Expression of the Ki67 antigen
An illustration of Ki67 immunostaining is shown in fig 1A, and the results are summarised in table 1. The proportion of Ki67 positive myeloma cells was variable from case to case, ranging from 0% to 15%, with an overall median of 4.4%. Ki67 labelled MM cells increased with advanced clinical stage. As summarised in table 1, the mean percentages of Ki67 positive MM cells in Durie's clinical stage I, II, and III were 0.72%, 3.72%, and 7.15%, respectively. This positive correlation between Ki67 and clinical stage is significant (p < 0.0001; Mann-Whitney U test). Similarly, the mean percentages of Ki67 positive MM cells increased with the cytological grade: 1.37% in the mature cell type, 4.64% in the immature cell type, and 7.28% in the plasmablastic cell type. This correlation was significant (p < 0.001, Mann-Whitney U test; table 2).
Figure 1.
(A) Ki67 immunoreactivity (blue nuclear staining) in CD138 positive (brown cell surface staining) cells in a bone marrow clot section from a patient with multiple myeloma (original magnification, ×1000). (B) measurement of intratumoral vascular density using CD34 immunostaining to highlight intratumoral blood vessels (original magnification, ×200). (C) Single stranded DNA immunostaining (blue nuclear staining) in CD138 positive (brown cell surface staining) cells in a bone marrow clot section from a patient with multiple myeloma (original magnification, ×1000). (D) Immunostaining of vascular endothelial growth factor in a patient with multiple myeloma (original magnification, ×400).
Table 1.
Correlation between clinical stage and proliferation index, apoptosis index, and intratumour microvessel density in 54 multiple myelomas
| Stage I (N=15) Mean (SD) (%) | Stage II (N=15) Mean (SD) (%) | Stage III (N=24) Mean (SD) (%) | p Value | |
| Ki67 | 0.72 (0.88) | 3.72 (3.94) | 7.15 (3.70) | <0.0001 |
| Intratumour microvessel density | 5.29 (4.38) | 14.47 (8.07) | 22.20 (14.15) | <0.0001 |
| Single stranded DNA | 0.05 (0.12) | 0.17 (0.25) | 0.24 (0.60) | >0.05 |
Table 2.
Correlation between Bartl's pathological stage and proliferation index, apoptosis index, and intratumor microvessel density in 54 multiple myelomas
| Plasmablast (N=13) Mean (SD) (%) | Immature (N=21) Mean (SD) (%) | Mature (N=20) Mean (SD) (%) | p Value | |
| Ki67 | 7.28 (4.00) | 4.64 (3.80) | 1.37 (1.54) | <0.001 |
| Intratumour microvessel density | 23.39 (17.96) | 15.10 (9.91) | 9.56 (7.76) | <0.05 |
| Single stranded DNA | 0.12 (0.19) | 0.23 (0.60) | 0.25 (0.64) | >0.05 |
IMVD in MM
Figure 1B shows typical results for IMVD. The median IMVD was 5.29 vessels/high power field in stage I, 14.47 vessels/high power field in stage II, and 22.20 vessels/high power field in stage III (table 1).
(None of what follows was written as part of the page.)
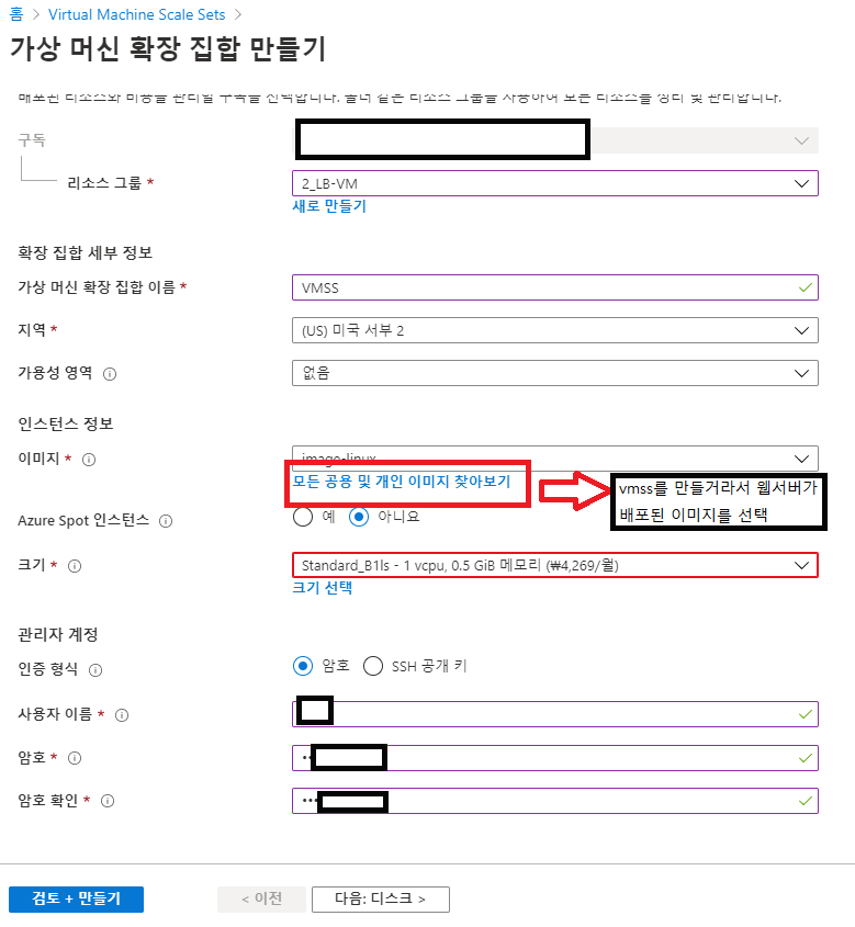 ☞ VMSS를 사용하기 위해 이미지 파일은 이전에 생성해뒀던 이미지로 생성한다

This correlation was significant (p < 0.0001; Mann-Whitney U test). IMVD also increased with the cytological grade: 9.56 vessels/high power field in the mature cell type, 15.1 vessels/high power field in the immature cell type, and 23.39 vessels/high power field in the plasmablastic cell type. This correlation was also significant (p < 0.05; Mann-Whitney U test; table 2).
Expression of ssDNA
The results of ssDNA are summarised in table 1, and illustrated in fig 1C. The percentages of ssDNA positive MM cells were less variable than those of Ki67 or IMVD, ranging form 0% to 2.8%, with a median of 0.2%. As shown in table 1 and table 2, there was no significant correlation between the percentage of ssDNA positive cells and the clinical stage or cytological grade (p > 0.05; Mann-Whitney U test).
Expression of VEGF
To evaluate whether IMVD is related to VEGF values, the expression of VEGF was assessed in all 54 cases. The immunostaining for VEGF is shown in fig 1D. Six cases were VEFG negative and 48 cases were VEGF positive. There was no significant correlation between VEFG positivity and either the clinical stage or the cytological grade.
Correlation between Ki67, IMVD, VEGF, and ssDNA
Ki67 correlated with IMVD (p < 0.05; Spearman). Using the Wilcoxon rank sum test, we found that Ki67 was also significantly higher in the VEGF positive than the VEGF negative cases (4.67% v 2.40%; p < 0.001). Similarly, IMVD was also significantly higher in VEGF positive than VEGF negative cases (16.23 v 10; p < 0.001). There was no significant correlation identified between ssDNA and the other three parameters.
DISCUSSION
In summary, we identified a significant correlation between Ki67 and IMVD, and between these two continuous variables with the clinical stage, cytological grade, and VEFG positivity. Thus, patients with MM who have a high clinical stage/cytological grade tend to have a higher rate of proliferation, higher intratumoral vascularity, and increased VEFG in the neoplastic cells. In contrast, apoptosis as assessed by ssDNA labelling appears to be an independent parameter.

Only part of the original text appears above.